*Work order*. Make an exact copy, from the records below, of the lines from the line containing "Polityki Bezpieczeństwa oraz" to the line containing "윤재옥 국민의힘 당대표", both lines included, excluding pictures.

*Task inputs*.
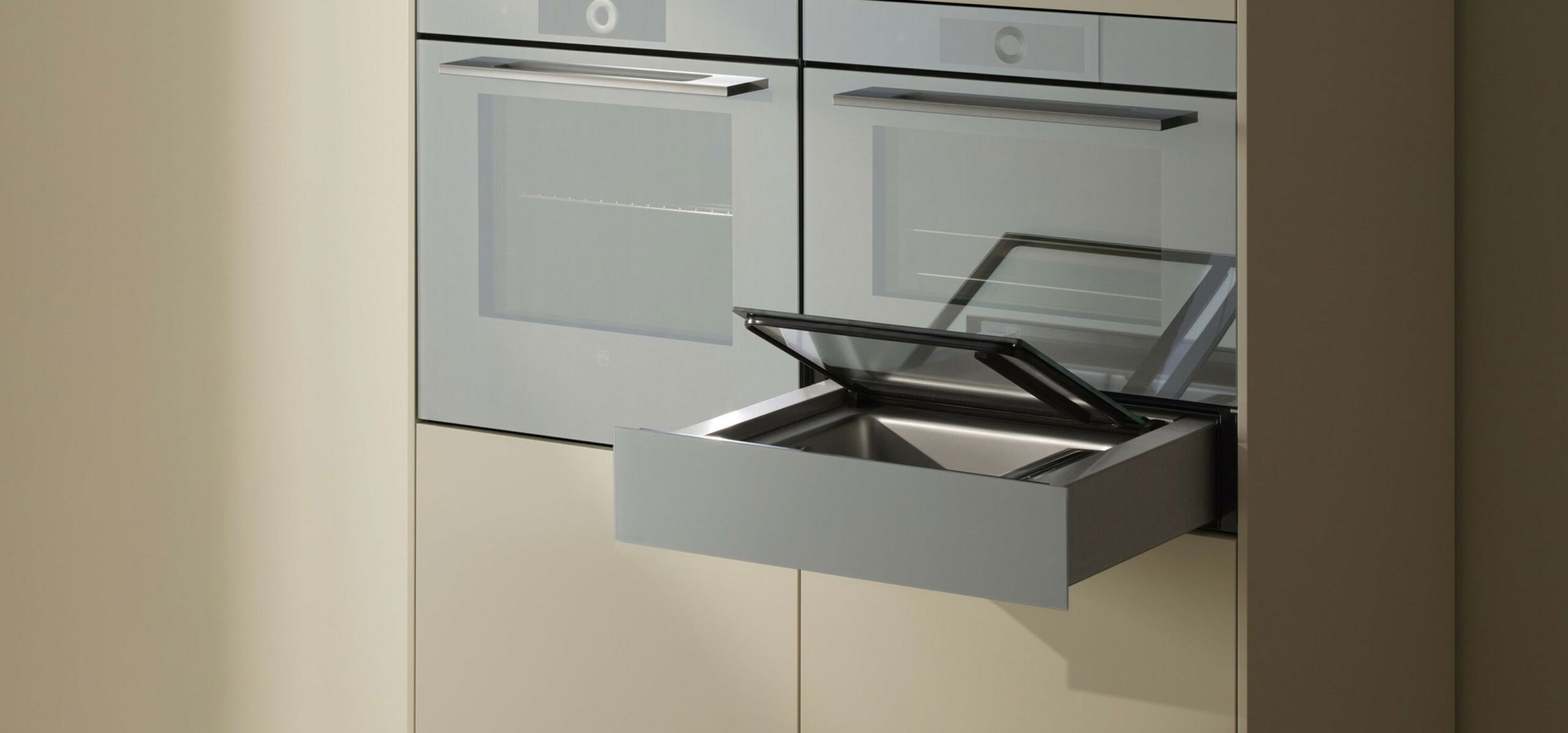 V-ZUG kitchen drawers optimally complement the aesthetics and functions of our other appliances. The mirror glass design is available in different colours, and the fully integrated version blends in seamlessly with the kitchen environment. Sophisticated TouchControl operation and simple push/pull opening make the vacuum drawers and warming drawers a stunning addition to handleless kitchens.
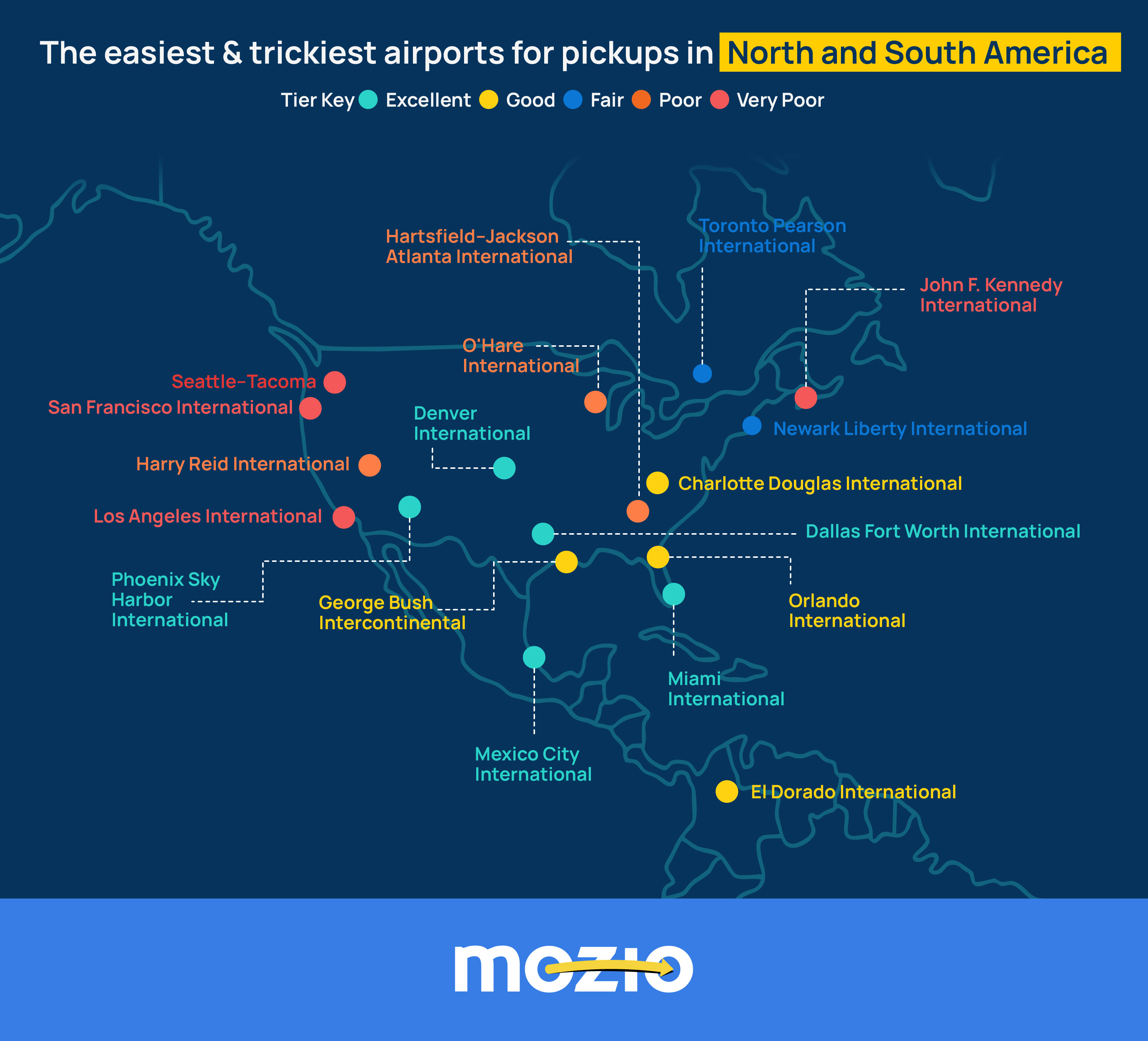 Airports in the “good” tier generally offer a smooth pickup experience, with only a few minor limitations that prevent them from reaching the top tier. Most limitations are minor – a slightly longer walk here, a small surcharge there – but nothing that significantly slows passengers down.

* * *

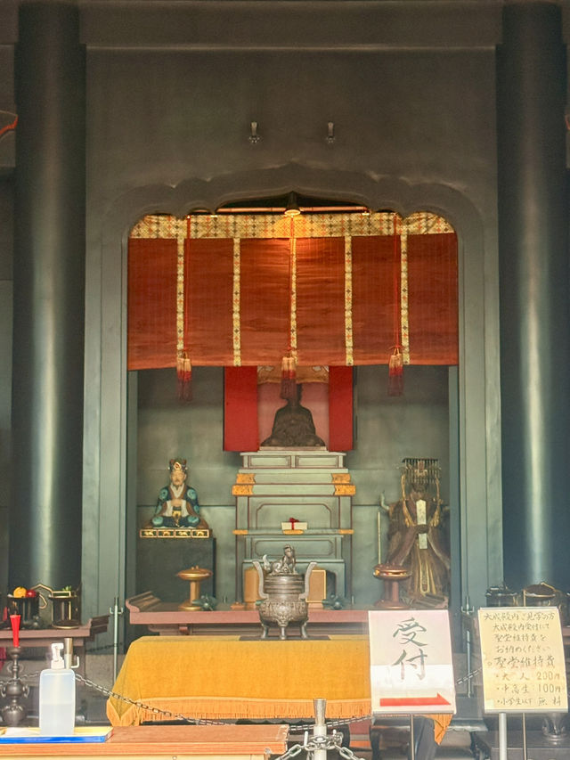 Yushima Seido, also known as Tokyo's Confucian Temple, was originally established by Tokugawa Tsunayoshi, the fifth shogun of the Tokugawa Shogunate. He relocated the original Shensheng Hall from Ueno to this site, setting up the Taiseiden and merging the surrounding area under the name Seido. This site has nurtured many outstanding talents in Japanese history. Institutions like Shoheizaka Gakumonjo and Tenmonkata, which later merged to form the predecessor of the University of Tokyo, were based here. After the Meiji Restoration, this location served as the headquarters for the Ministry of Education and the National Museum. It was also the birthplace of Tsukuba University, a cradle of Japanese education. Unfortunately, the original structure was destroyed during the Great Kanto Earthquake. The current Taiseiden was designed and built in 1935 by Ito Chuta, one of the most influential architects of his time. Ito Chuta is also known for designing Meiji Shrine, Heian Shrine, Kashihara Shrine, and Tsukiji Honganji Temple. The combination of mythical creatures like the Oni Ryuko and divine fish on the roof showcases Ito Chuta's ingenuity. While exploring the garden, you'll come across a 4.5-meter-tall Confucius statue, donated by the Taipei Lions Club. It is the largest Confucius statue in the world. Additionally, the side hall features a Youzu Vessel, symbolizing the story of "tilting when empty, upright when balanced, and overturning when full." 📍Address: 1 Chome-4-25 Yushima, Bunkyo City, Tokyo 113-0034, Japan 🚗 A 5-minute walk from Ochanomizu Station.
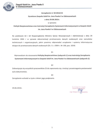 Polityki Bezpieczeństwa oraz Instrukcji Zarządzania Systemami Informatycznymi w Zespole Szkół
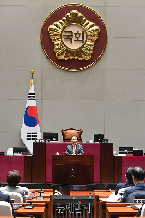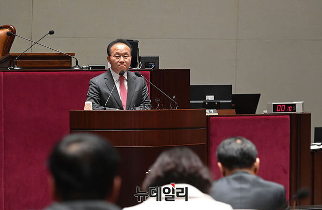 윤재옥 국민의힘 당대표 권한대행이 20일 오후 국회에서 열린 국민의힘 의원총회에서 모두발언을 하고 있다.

*Answer box*.
 Polityki Bezpieczeństwa oraz Instrukcji Zarządzania Systemami Informatycznymi w Zespole Szkół
 윤재옥 국민의힘 당대표 권한대행이 20일 오후 국회에서 열린 국민의힘 의원총회에서 모두발언을 하고 있다.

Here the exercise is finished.